# Is my canon camera a counterfeit. help!



## skatephoto (Nov 20, 2003)

i am probably just being paranoid but i wanted to asked someone if my canon eos 7E camera is one of those conterfiet canon cameras going around.  I justed  recieved my camera from a person on ebay.  The camera is in perfect condition but when i was reading over the manual i found that the camera didnt have the date and time screen on the back of the camera along with the two mode buttons.  I tried to find out on the internet but all the 7E i found had the screen and the mode buttons.  Maybe its just a different model but when i read that article on all the fake canon products going around i got real scared. if you have any idea please let me no so i can sleep at night. thanks


----------



## simnine (Nov 20, 2003)

Often, companies will make guides that cover several different models. Some of the features may not apply to your model. I wouldn't freak out too much.
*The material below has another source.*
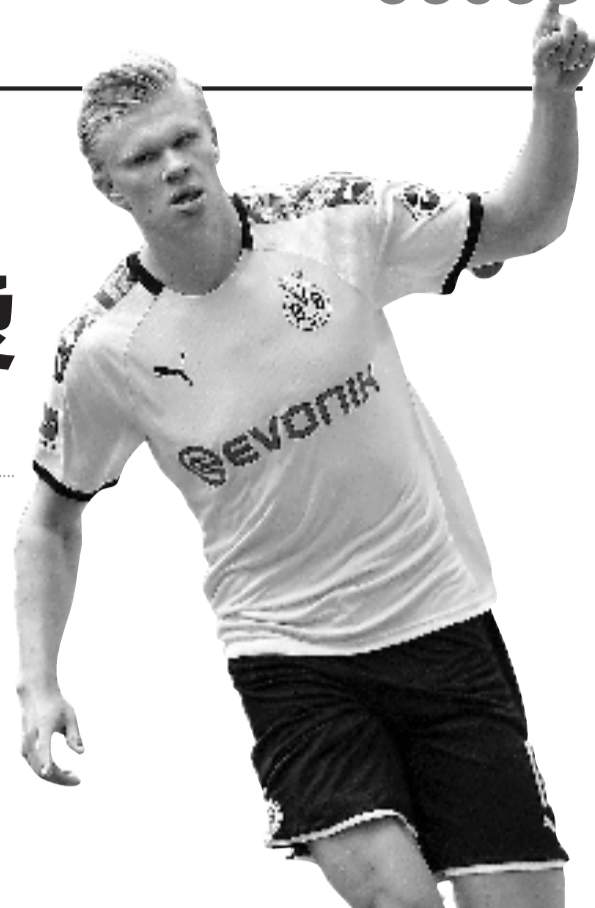
身价1亿欧元的挪威国脚哈兰德。

在联赛和欧冠停摆前,多特在欧冠八分之一决赛中不敌巴黎圣日耳曼,最终止步十六强,球队的全部精力都放到了对联赛冠军的争夺上。虽然在赛季前半段,多特战绩飘忽不定,但在冬窗期引援后,球队表现越来越稳定。特别是19岁小将哈兰德的加盟,让球队有了质的提升,哈兰德加盟球队后在12场比赛中打入了13球,同时他出战的9场德甲中也打入了10粒进球。

What I have come across alot on the internet is people trying to sell the grey market version of the camera. What this means is the camera is produced for distribution in another country. They do not carry a warranty in the USA. If they have text menus, they may be in a language you do not understand. If your camera is digital, it may support PAL video format instead of the NTSC format used in the states (this is only applicable if yu are plugging the camera into your TV to display images).

It is still the same camera basically.


----------



## oriecat (Nov 20, 2003)

Does it have a serial#?  If so, just call and ask em.


----------



## steve817 (Nov 29, 2003)

I have an Elan 7E also. The instruction manual also covers a model called the Elan 7QD you probably don't have. QD stands for quartz date.
Not a feature I would want myself.

Steve


----------